Spontaneous preterm labor is associated with an increase in the proinflammatory signal transducer TLR4 receptor on maternal blood monocytes

Abstract

Background: Localized inflammation and increased expression of TLR4 receptors within the uterus has been implicated in the pathogenesis of preterm labor. It remains unclear whether intrauterine inflammatory responses activate the maternal peripheral circulatory system. Therefore we determined whether increased TLR4 expression is present in the peripheral maternal white blood cells of women with spontaneous preterm labor.
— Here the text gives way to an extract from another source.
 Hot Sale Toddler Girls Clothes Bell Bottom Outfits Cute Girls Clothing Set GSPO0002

Methods: This is a cross-sectional study of 41 preterm labor cases and 41 non-preterm controls. For each case and control sample, RNA was purified from white blood cells and TLR4 mRNA pool size was evaluated by quantitative PCR. Protein expression levels were determined by flow cytometry. Statistical evaluation using multiple linear regressions was used to determine any significant differences between the cases and controls. The purpose was to determine association prevalence of TLR4 levels and preterm labor.
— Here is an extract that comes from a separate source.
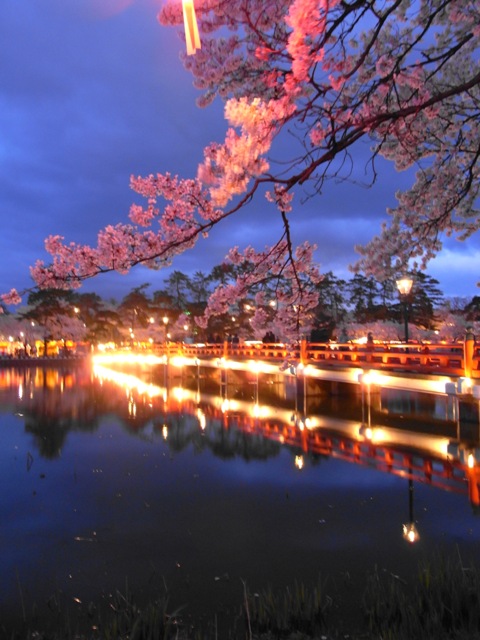 上野や弘前と共に、日本三大夜桜に数えられる桜の名所となりました。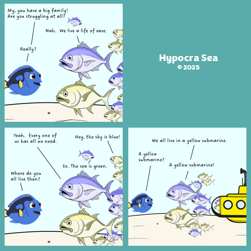 Hypocra Sea is a comic strip poking fun at hypocrisy in a fictional undersea society. Any resemblance to real life is the sign of an active imagination.

Results: Adjusted mean TLR4 mRNA levels of 0.788 ± 0.037 (standard error) for preterm labor and 0.348 ± 0.038 for the corresponding pregnant control women were statistically significantly different (P = 0.002). Using the lower 95% confidence interval of the mean expression level in PTL subjects (0.7) as a cutoff value for elevated TLR4 mRNA levels, 25/41 (60.9%) of PTL patients expressed elevated TLR4 mRNA as compared to 0/41 (0%) in control subjects. The TLR4 receptor levels in the granulocyte fraction of white blood cells from preterm labor and pregnant controls were similar. However, TLR4+/CD14+monocytes were 2.3 times more frequent (70% vs. 30%) and TLR4 also had a 2.6-fold higher density (750 vs. 280 molecules per cell) in preterm labor women compared with pregnant controls. There was no difference in the levels of TLR4 in patients at term.
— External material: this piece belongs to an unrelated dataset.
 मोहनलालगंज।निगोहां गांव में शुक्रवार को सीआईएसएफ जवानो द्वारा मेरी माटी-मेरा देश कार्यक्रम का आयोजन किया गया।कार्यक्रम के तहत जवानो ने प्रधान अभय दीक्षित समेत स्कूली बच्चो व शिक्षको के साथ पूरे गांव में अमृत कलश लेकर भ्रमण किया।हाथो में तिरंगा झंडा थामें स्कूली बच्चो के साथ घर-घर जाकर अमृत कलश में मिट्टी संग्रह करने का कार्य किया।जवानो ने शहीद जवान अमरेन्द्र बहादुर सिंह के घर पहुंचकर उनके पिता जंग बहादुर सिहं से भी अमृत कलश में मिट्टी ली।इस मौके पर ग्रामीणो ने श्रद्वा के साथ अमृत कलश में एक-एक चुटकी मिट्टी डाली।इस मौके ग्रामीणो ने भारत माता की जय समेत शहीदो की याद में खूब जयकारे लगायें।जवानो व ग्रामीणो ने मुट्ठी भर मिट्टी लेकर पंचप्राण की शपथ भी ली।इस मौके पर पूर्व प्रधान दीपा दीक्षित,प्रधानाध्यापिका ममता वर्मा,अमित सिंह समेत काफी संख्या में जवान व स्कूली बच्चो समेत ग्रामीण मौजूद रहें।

Conclusions: Patients with preterm labor exhibited elevated levels of CD14+ maternal blood monocytes each bearing enhanced expression of TLR4, indicating that the peripheral circulatory system is activated in patients with preterm labor. Elevated leukocyte TLR4 levels may be a useful biomarker associated with preterm labor.

Figure 1

Expression of TLR4 mRNA in maternal peripheral blood leukocytes in pregnant controls and in women with preterm or term labor. TLR4 mRNA levels was determined relative to 18S rRNA using a quantitative dual gene approach and expressed as the integrated density value of the amplicon. The expression levels of pregnant (P) and woman with spontaneous preterm labor (PTL) were significantly different (P = 0.002). The expression levels of the term non-labor (TNL), and term labor (TL), were not significantly different (p > 0.05).

Figure 2

TLR4 surface expression on peripheral blood monocytes in pregnant control (P), and preterm labor (PTL) women. This illustrative histogram depicts TLR4 staining between pregnant and premature labor subjects and the nonspecific staining observed using the isotype control (IgG2a) antibody. The events are indicated on the y-axis and the anti-TLR4-phycoerithrin fluorescence intensity of gated CD14⁺ monocytes (as determined by anti-CD14-fluorescein fluorescence and FSC/SSC) was plotted along the x-axis. The mean data ± SEM for each group, % of TLR4 positive monocytes and number of molecules per cell are included in Table 2.